How do you find the critical points for #f(x) = (x^2-10x)^4# and the local max and min?

To find relative maximum and minimum, we can do a sign test.

To find the critical points for ( f(x) = (x^2 - 10x)^4 ) and the local maximum and minimum, follow these steps:

1. Compute the first derivative of the function ( f(x) ).

2. Find the values of ( x ) where the derivative equals zero or is undefined.

3. Test the critical points by evaluating the second derivative at each point.
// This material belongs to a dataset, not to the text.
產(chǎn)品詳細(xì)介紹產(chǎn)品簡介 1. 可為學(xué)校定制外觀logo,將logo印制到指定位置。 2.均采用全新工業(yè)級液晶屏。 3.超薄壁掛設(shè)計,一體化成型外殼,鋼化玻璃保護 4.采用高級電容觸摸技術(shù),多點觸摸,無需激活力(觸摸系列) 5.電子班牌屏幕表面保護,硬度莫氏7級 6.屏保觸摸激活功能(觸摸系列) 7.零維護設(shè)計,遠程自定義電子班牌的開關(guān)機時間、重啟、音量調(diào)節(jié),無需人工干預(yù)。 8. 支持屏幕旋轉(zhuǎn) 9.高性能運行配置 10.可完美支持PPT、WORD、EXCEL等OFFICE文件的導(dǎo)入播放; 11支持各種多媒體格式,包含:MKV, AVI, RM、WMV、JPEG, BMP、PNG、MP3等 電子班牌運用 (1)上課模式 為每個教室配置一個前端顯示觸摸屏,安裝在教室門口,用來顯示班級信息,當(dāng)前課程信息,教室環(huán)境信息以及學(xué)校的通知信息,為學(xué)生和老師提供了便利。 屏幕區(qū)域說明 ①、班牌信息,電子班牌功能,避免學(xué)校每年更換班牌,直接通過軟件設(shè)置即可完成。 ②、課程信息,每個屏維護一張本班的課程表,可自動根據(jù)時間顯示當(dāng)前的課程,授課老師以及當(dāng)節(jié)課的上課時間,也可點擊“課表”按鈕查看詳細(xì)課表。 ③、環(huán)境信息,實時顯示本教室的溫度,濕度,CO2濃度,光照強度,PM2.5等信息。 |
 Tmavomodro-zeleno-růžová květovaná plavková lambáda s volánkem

4. Determine the nature of each critical point:

   a. If the second derivative is positive, it's a local minimum. b. If the second derivative is negative, it's a local maximum. c. If the second derivative is zero or undefined, the test is inconclusive.

5. Compute ( f(x) ) at each critical point to find the corresponding local maximum or minimum values.
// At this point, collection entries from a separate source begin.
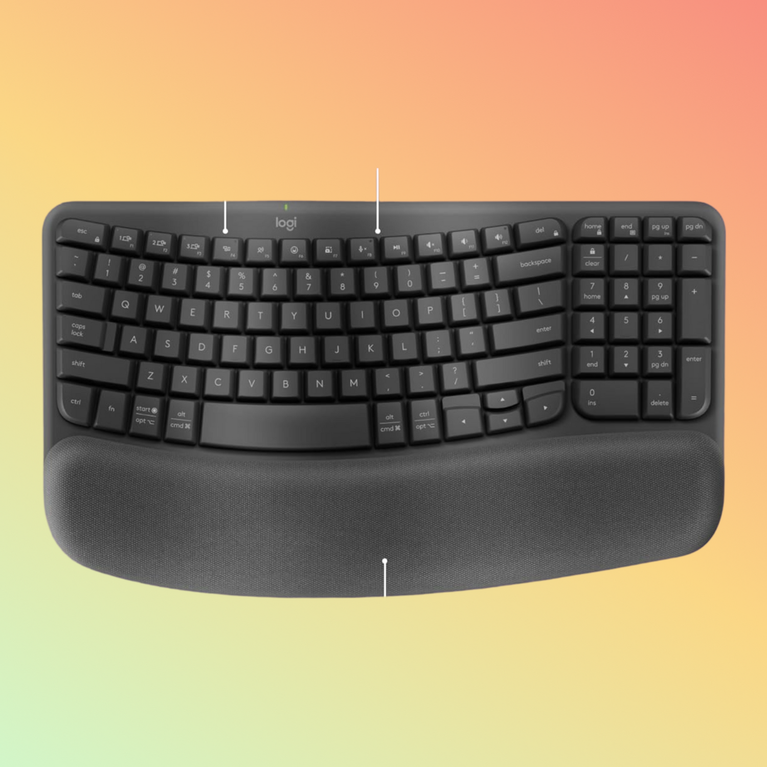 Upgrade your workspace with the Logitech Ergo Series WAVE KEYS FOR BUSINESS Wireless Ergonomic Keyboard. This keyboard features a distinctive wave-shaped design that helps keep your hands in a natural position, reducing strain and enhancing comfort during long typing sessions. The cushioned palm rest provides extra support, keeping your wrists in a relaxed, neutral position. With quiet, low-profile keys that deliver a responsive typing experience, the WAVE KEYS keyboard is perfect for business professionals looking for comfort and efficiency. The wireless design offers flexibility and a clutter-free workspace, making it ideal for any office setup.
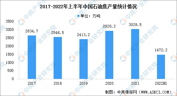 石油焦是原油經蒸餾將輕重質油分離后,重質油再經熱裂的過程轉化而成的產品,主要用來生產石墨電極、鋰電負極、高端預焙陽極等。石油焦是石油煉化副產品,產出基本依賴石油煉化產量。2022年6月全國石油焦產量248.9萬噸,同比下降1.8%,2022年1-6月全國石油焦產量為1472.2萬噸,同比下降1%。
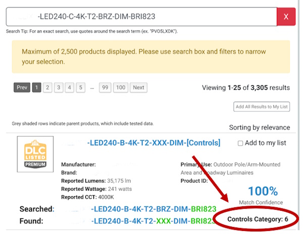 Conceptual example of the Controls Category results when a listed V6.0/LUNA V2.0 product model number is searched for on the SSL QPL.
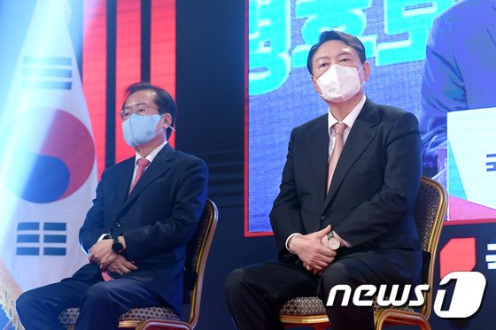 국민의힘 대선 경선 후보인 윤석열 전 검찰총장과 홍준표 의원뉴스1 © News1 오대일 기자

Let's proceed with the steps:

1. Compute the first derivative of ( f(x) ): [ f'(x) = 4(x^2 - 10x)^3 \cdot (2x - 10) ]

2. Find the critical points by setting the first derivative equal to zero: [ 4(x^2 - 10x)^3 \cdot (2x - 10) = 0 ]
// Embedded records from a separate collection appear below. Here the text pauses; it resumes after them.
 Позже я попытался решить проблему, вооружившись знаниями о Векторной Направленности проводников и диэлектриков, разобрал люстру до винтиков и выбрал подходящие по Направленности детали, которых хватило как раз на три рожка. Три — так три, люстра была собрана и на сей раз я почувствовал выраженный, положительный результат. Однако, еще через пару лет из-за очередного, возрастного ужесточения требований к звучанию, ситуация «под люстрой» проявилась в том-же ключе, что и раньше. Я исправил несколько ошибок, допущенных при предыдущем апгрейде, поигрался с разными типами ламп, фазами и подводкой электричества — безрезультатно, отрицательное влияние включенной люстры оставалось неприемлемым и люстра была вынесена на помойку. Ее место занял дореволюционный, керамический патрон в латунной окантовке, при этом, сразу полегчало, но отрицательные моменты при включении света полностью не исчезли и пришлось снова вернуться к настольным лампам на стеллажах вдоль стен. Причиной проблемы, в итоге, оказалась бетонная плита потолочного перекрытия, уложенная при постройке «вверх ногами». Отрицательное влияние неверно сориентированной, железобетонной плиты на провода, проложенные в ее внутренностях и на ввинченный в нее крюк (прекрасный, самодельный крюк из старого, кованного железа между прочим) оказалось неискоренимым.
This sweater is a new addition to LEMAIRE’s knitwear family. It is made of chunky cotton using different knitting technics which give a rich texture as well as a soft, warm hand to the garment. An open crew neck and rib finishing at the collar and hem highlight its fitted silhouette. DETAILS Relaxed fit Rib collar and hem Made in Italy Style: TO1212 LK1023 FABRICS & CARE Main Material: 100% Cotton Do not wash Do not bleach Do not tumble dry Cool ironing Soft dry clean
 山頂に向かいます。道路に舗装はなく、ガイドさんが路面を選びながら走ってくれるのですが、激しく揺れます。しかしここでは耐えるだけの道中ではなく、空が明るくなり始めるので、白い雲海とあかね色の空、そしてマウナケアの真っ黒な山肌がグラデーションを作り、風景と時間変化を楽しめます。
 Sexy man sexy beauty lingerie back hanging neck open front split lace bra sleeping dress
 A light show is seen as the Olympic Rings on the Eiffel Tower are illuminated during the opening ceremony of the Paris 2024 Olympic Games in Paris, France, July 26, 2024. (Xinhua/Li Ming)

This gives us critical points at ( x = 0 ) and ( x = 5 ).

3. Test the critical points by evaluating the second derivative: [ f''(x) = 4 \cdot 3(x^2 - 10x)^2 \cdot (2x - 10) + 4(x^2 - 10x)^3 \cdot 2 ]

4. Evaluate ( f''(x) ) at ( x = 0 ) and ( x = 5 ):

   • At ( x = 0 ):
     • ( f''(0) = 4 \cdot 3(0 - 0)^2 \cdot (2 \cdot 0 - 10) + 4(0 - 0)^3 \cdot 2 = 0 ) (inconclusive)
   • At ( x = 5 ):
     • ( f''(5) = 4 \cdot 3(5^2 - 10 \cdot 5)^2 \cdot (2 \cdot 5 - 10) + 4(5^2 - 10 \cdot 5)^3 \cdot 2 > 0 ) (positive)

5. Determine the nature of each critical point:

   • At ( x = 0 ), the nature is inconclusive.
   • At ( x = 5 ), it's a local minimum.

6. Compute ( f(x) ) at ( x = 0 ) and ( x = 5 ):

   • At ( x = 0 ): ( f(0) = (0^2 - 10 \cdot 0)^4 = 0 )
   • At ( x = 5 ): ( f(5) = (5^2 - 10 \cdot 5)^4 = 25^4 )

Therefore, the critical points for ( f(x) ) are ( x = 0 ) and ( x = 5 ), and ( f(x) ) has a local minimum at ( x = 5 ).